Arguably the matter with the greatest potential to divide at Synod 2007 was the call – from two classes – for revising the URC’s guidelines for ecumenical relationships. Prior to synod, the URC’s Guidelines for Ecumenicity and Church Unity were matters of intense debate. Those guidelines included three phases.

1. Phase One called for correspondence and dialogue between the URC and another federation, so that mutual understanding and appreciation might grow between them.

2. Phase Two brought another federation into a “sister-church” relationship in which the URC recognizes it as a true church and encourages closer relationships between the two federations. In its pre-synod form, this phase was explicitly declared to be “in preparation for and commitment to eventual integrated federative church unity.”

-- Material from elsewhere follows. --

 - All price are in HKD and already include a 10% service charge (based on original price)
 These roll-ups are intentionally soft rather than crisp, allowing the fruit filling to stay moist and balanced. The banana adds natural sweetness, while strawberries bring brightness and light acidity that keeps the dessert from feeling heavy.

3. Phase Three called for movement into full integration between the two federations.

A pair of overtures sought to alter Phase Two by removing the phrase “in preparation for and commitment to eventual integrated church unity.” Supporters of these overtures argued that this explicit “commitment” to full unity was akin to being engaged to marry several women at once. Such a weighty commitment was said to cause confusion about the nature of a sister-church relationship; and some blamed it for what they regarded as excessively rapid progress in uniting with the CanRC.

Along with removing the commitment language from Phase Two, the overtures called for Phase Three to become a multi-step process of preparing for and entering into full unity. After significant debate, and with input from those both strongly favoring and strongly opposed to the proposed changes, the advisory committee offered a precisely worded compromise.

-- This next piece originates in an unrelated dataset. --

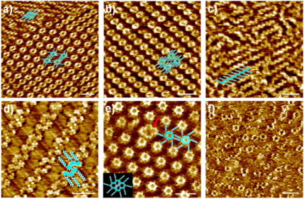 图3.非表面限域条件下M1和M2烯烃复分解反应产物的STM图像:M1在a) 35 °C反应18小时;b) 60 °C,18小时;c) 150 °C,15小时;M2在 d) 35 °C反应18小时; e) 100 °C,16小时;f) 150 °C,15小时。Scale bars: (a-c,e,f)5 nm, (d) 3 nm.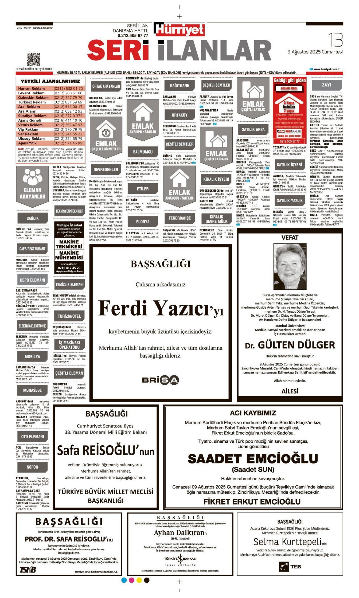 Hürriyet Bugünkü Vefat (Ölüm) – Başsağlığı – Anma – Teşekkür – Mevlit İlanları-9.8.2025

Phase One remained unchanged. The new rules for Phase Two declare that: “The intent of this phase is to recognize and accept each other as true and faithful churches of the Lord Jesus, in acknowledgment of the desirability of eventual integrated federative church unity, by establishing ecclesiastical fellowship.” Although the language of commitment was removed, yet the biblical mandate calling for the reunion of separated churches was preserved.

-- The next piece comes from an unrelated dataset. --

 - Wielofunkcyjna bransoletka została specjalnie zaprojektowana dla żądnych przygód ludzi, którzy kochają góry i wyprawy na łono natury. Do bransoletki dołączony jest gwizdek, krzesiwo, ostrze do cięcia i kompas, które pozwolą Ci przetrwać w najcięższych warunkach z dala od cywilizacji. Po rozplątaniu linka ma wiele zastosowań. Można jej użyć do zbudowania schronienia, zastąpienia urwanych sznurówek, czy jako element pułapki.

The rules for Phase Three then were amended to create two steps. In the first step, a plan of ecclesiastical union would be developed to outline the timing, coordination, and integration of six broad areas of the structure and life of the two federations. The second step would involve implementing the plan of union. Ratification by the consistories, according to Church Order Art. 36, would be required to enter Phase Two and to begin both of the steps in Phase Three.

Having adopted those changes, Synod 2007 addressed a point of possible confusion: the work already performed with the CanRC. Since 2001, several committees have been laying the foundation for union with the Canadian Reformed Churches. Under the new rules, the work of those committees properly belongs to the first step of Phase Three – yet the URC has only approved Phase Two relations with the CanRC. To clarify the relationship and safeguard the work of the committees, Synod 2007 approved an exception to the newly adopted guidelines. That exception allows the current committees to continue working with their corresponding CanRC committees while the two federations remain in Phase Two. This would pave the way for when the URC does move to Phase Three with the CanRC.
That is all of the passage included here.